Source material:

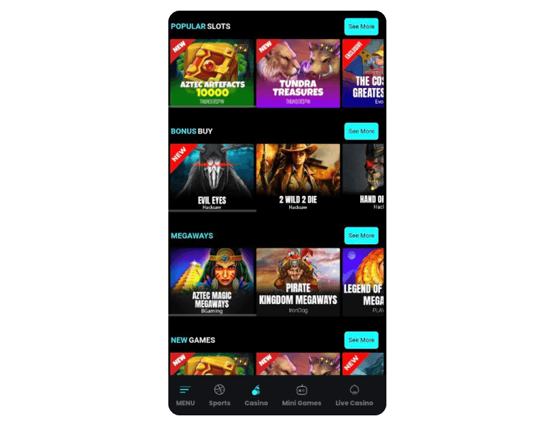 CosmoBet offers a wide range of games, so everyone can find something they like. The games are grouped into categories like Online Slots, Live Casino, and Table games. This collection is powered by the casino’s collaboration with over 90+ software providers.
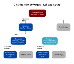 Em 29 de agosto de 2012, é sancionada a Lei nº 12.711, que define quotas reservadas para estudantes que tenham cursado integralmente o ensino médio em escolas públicas e oriundos de famílias com renda igual ou inferior a um e meio salário-mínimo assim como por pessoas autodeclaradas pretas, pardas e indígenas e por pessoas com deficiência no ingresso em cursos de gradução, constituindo, portanto um sistema de quotas misto que contempla questões sociais, econômicas e raciais.[35] Foi posteriormente regulamentada pelo Decreto nº 7.824, de 11 de outubro de 2012 que detalhou os critérios de seleção a serem aplicados para os cotistas.[36] Ambos instrumentos legais acabaram conhecidos como "Lei das Cotas".[37][38][39]
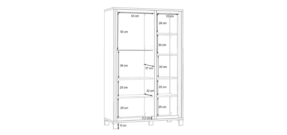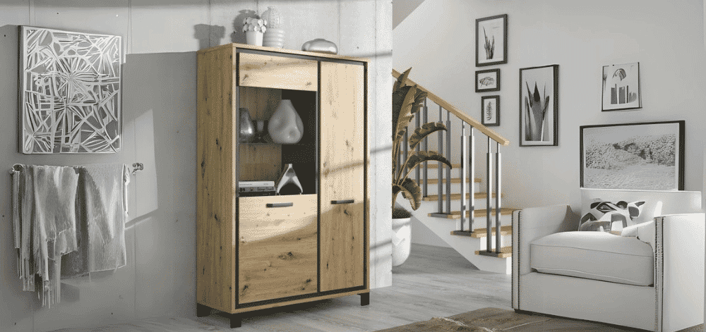 Funkcionalumas: Kompaktiška konstrukcija suteikia pakankamai vietos daiktų eksponavimui ir laikymui,

Directions: Quote the material above exactly, from the line holding "Em 29 de agosto" through its last line, including both. Omit the pictures.

Result:
 Em 29 de agosto de 2012, é sancionada a Lei nº 12.711, que define quotas reservadas para estudantes que tenham cursado integralmente o ensino médio em escolas públicas e oriundos de famílias com renda igual ou inferior a um e meio salário-mínimo assim como por pessoas autodeclaradas pretas, pardas e indígenas e por pessoas com deficiência no ingresso em cursos de gradução, constituindo, portanto um sistema de quotas misto que contempla questões sociais, econômicas e raciais.[35] Foi posteriormente regulamentada pelo Decreto nº 7.824, de 11 de outubro de 2012 que detalhou os critérios de seleção a serem aplicados para os cotistas.[36] Ambos instrumentos legais acabaram conhecidos como "Lei das Cotas".[37][38][39]
 Funkcionalumas: Kompaktiška konstrukcija suteikia pakankamai vietos daiktų eksponavimui ir laikymui,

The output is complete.